*Task to complete*:
Copy every entry exactly as it reads and exclude whatever pictures appear.

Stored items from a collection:
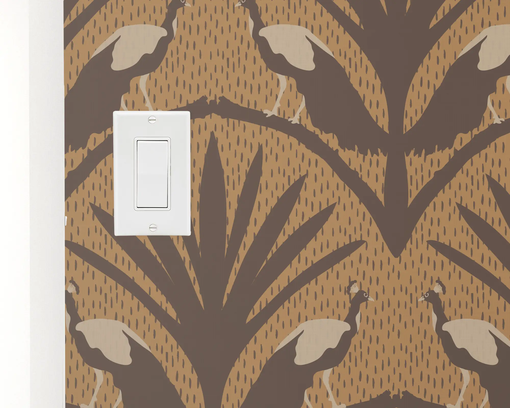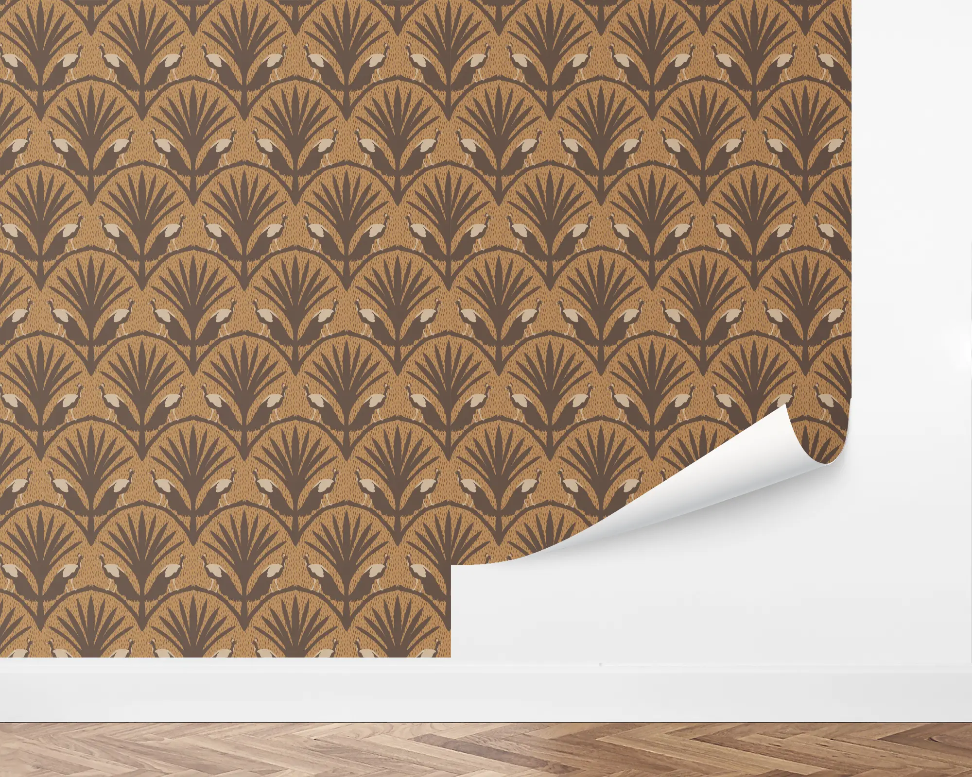 Transform your space with our Peacock Scallop Peel and Stick Removable Wallpaper. This beautiful, deco-inspired design features elegant peacocks and arching palms in a vintage bronze color palette. Customizable with any of our stunning colors and versatile paper types, this wallpaper is perfect for any room that needs a touch of eclectic class.
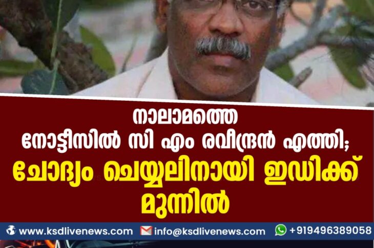 കേരളം നാലാമത്തെ നോട്ടീസിൽ സി എം രവീന്ദ്രൻ എത്തി ; ചോദ്യം ചെയ്യലിനായി ഇഡിക്ക് മുന്നിൽDecember 17, 2020
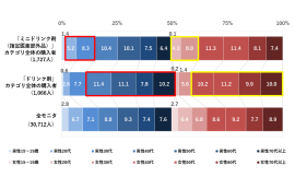 「ドリンク剤」と「ミニドリンク剤(指定医薬部外品)」のカテゴリの購入者について、性年代比率を見ていきます。「ドリンク剤」は男女ともに40代以上の割合が高く、「ドリンク剤」に比べて「ミニドリンク剤(指定医薬部外品)」は男女ともに20~30代の購入が活発でした。【図表7】 「ミニドリンク剤(指定医薬部外品)」は、平均単価が前年から5.1%減少し【図表6】、1人あたりの購入金額は上昇していることから(※6)、低価格の商品を数多く(頻度高く)購入している様子がうかがえます。
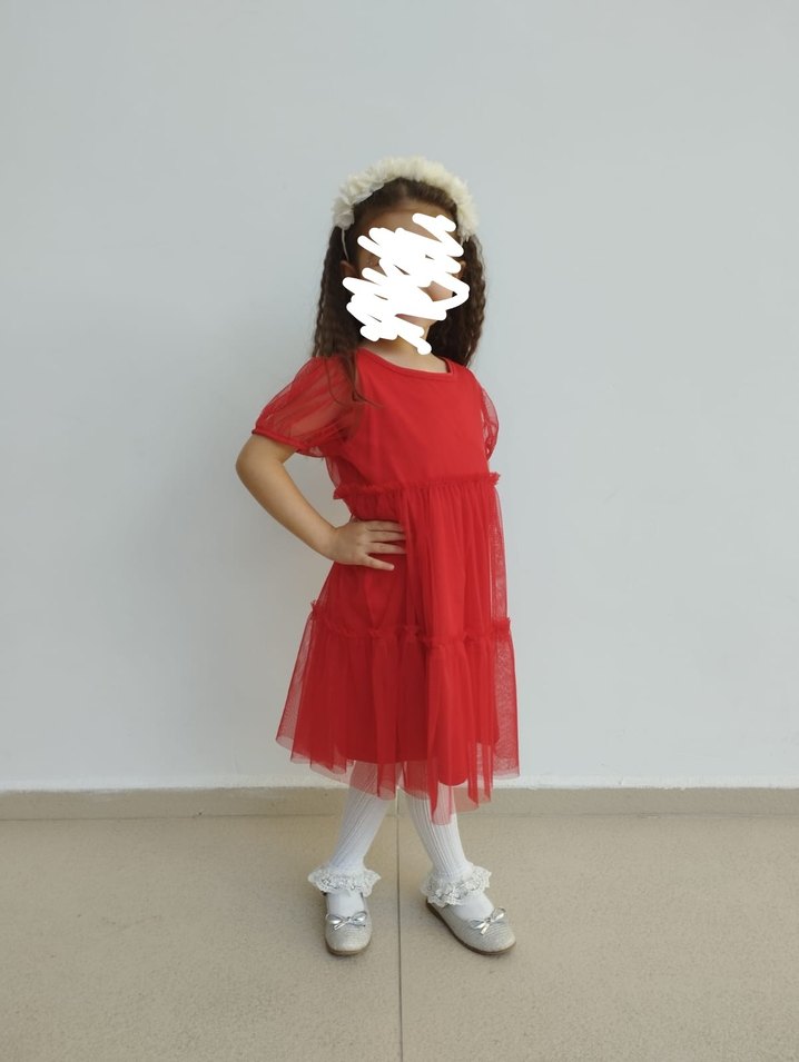 Kız çocuk kırmızı elbise, rahat kesim ve fırfır detaylara sahip. Sentetik yumuşak kumaştan.
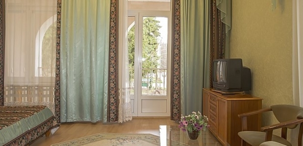 В номере: 1-двухспальная ковать, балкон, кондиционер, мягкая мебель, шкаф/гардероб, телевизор, холодильник, чайник, столовые приборы.
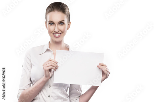 office girl in white blouse holds papers in hands and smiles isolated on white
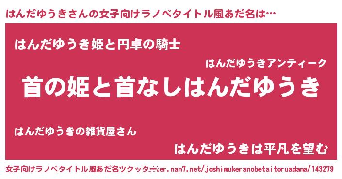 | 男性向けラノベタイトル風あだ名 | 『はたらくはんだゆうきさま!』 |
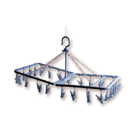 Stendibiancheria rettangolare in plastica con telaio pieghevole.
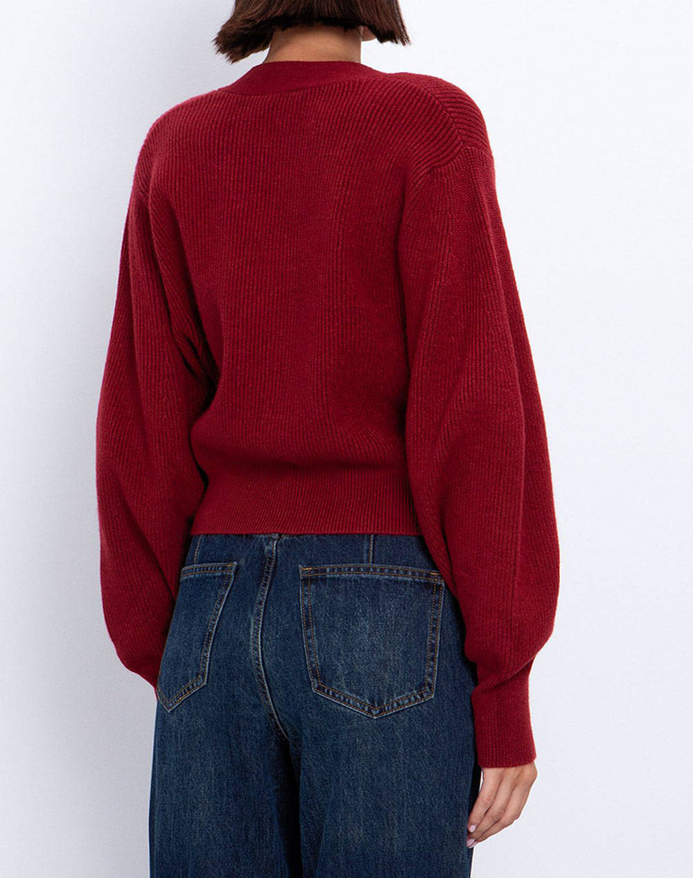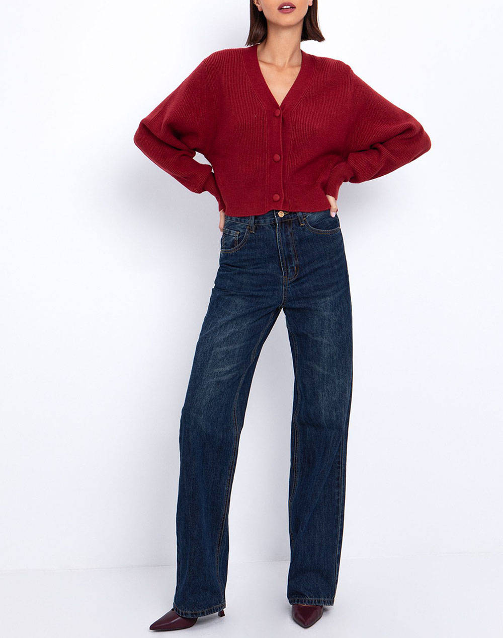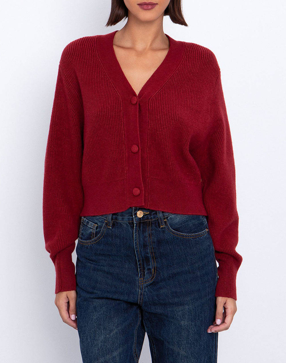Γυναικεία πλεκτή ζακέτα, σε άνετη γραμμή, μονόχρωμη, μακρυμάνικη, με "V"λαιμόκοψη, φουσκωτά μανίκια και κλείσιμο μπροστά με κουμπιά. (Σύνθεση: 56% Βισκόζη, 28% Πολυεστέρας, 16% Πολυαμίδιο)
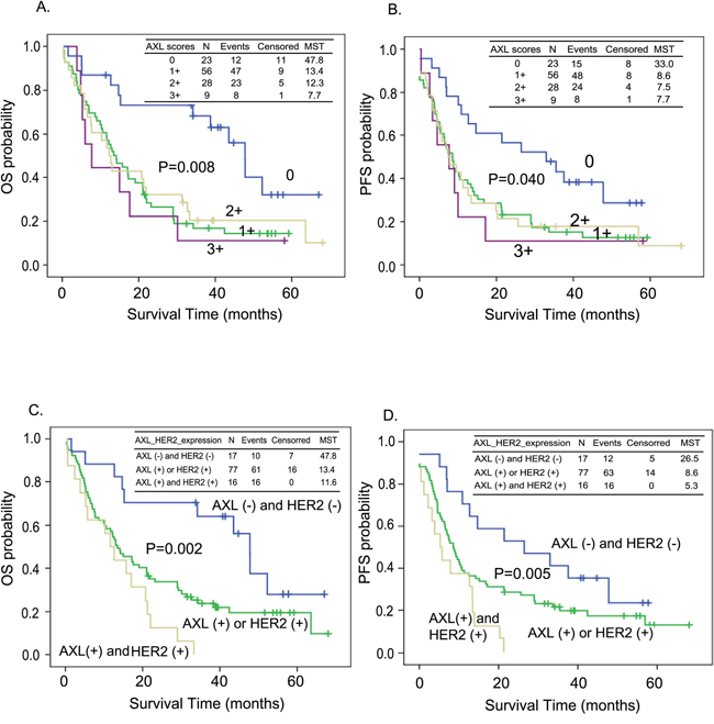 HER2-targeted agents, including trastuzumab and lapatinib, are a promising targeted therapy, especially in treating breast cancer. Over-expression of AXL has been shown to be a novel mechanism of acquired resistance to HER2-targeted agents in lapatinib-resistant, HER2-positive breast cancer clones [26]. Foretinib (XL880, GSK1363089), an oral multi-kinase inhibitor acting on AXL, c-Met, RON and VEGFR-2, can restore sensitivities to lapatinib and trastuzumab in resistant cells [26]. Synergistic effects of foretinib with HER-targets have been demonstrated in MET and HER1/2 co-activated cells [27]. Meanwhile, the AXL inhibitor BMS777607 and HER2 inhibitor lapatinib exhibit a synergistic cytotoxic effect in breast and ovarian cancer cells [28]. However, the prognostic role of co-expression of AXL and HER2 in cancer cells has hardly been investigated.

*Your response*:
 Transform your space with our Peacock Scallop Peel and Stick Removable Wallpaper. This beautiful, deco-inspired design features elegant peacocks and arching palms in a vintage bronze color palette. Customizable with any of our stunning colors and versatile paper types, this wallpaper is perfect for any room that needs a touch of eclectic class.
 കേരളം നാലാമത്തെ നോട്ടീസിൽ സി എം രവീന്ദ്രൻ എത്തി ; ചോദ്യം ചെയ്യലിനായി ഇഡിക്ക് മുന്നിൽDecember 17, 2020
 「ドリンク剤」と「ミニドリンク剤(指定医薬部外品)」のカテゴリの購入者について、性年代比率を見ていきます。「ドリンク剤」は男女ともに40代以上の割合が高く、「ドリンク剤」に比べて「ミニドリンク剤(指定医薬部外品)」は男女ともに20~30代の購入が活発でした。【図表7】 「ミニドリンク剤(指定医薬部外品)」は、平均単価が前年から5.1%減少し【図表6】、1人あたりの購入金額は上昇していることから(※6)、低価格の商品を数多く(頻度高く)購入している様子がうかがえます。
 Kız çocuk kırmızı elbise, rahat kesim ve fırfır detaylara sahip. Sentetik yumuşak kumaştan.
 В номере: 1-двухспальная ковать, балкон, кондиционер, мягкая мебель, шкаф/гардероб, телевизор, холодильник, чайник, столовые приборы.
 office girl in white blouse holds papers in hands and smiles isolated on white
 | 男性向けラノベタイトル風あだ名 | 『はたらくはんだゆうきさま!』 |
 Stendibiancheria rettangolare in plastica con telaio pieghevole.
Γυναικεία πλεκτή ζακέτα, σε άνετη γραμμή, μονόχρωμη, μακρυμάνικη, με "V"λαιμόκοψη, φουσκωτά μανίκια και κλείσιμο μπροστά με κουμπιά. (Σύνθεση: 56% Βισκόζη, 28% Πολυεστέρας, 16% Πολυαμίδιο)
 HER2-targeted agents, including trastuzumab and lapatinib, are a promising targeted therapy, especially in treating breast cancer. Over-expression of AXL has been shown to be a novel mechanism of acquired resistance to HER2-targeted agents in lapatinib-resistant, HER2-positive breast cancer clones [26]. Foretinib (XL880, GSK1363089), an oral multi-kinase inhibitor acting on AXL, c-Met, RON and VEGFR-2, can restore sensitivities to lapatinib and trastuzumab in resistant cells [26]. Synergistic effects of foretinib with HER-targets have been demonstrated in MET and HER1/2 co-activated cells [27]. Meanwhile, the AXL inhibitor BMS777607 and HER2 inhibitor lapatinib exhibit a synergistic cytotoxic effect in breast and ovarian cancer cells [28]. However, the prognostic role of co-expression of AXL and HER2 in cancer cells has hardly been investigated.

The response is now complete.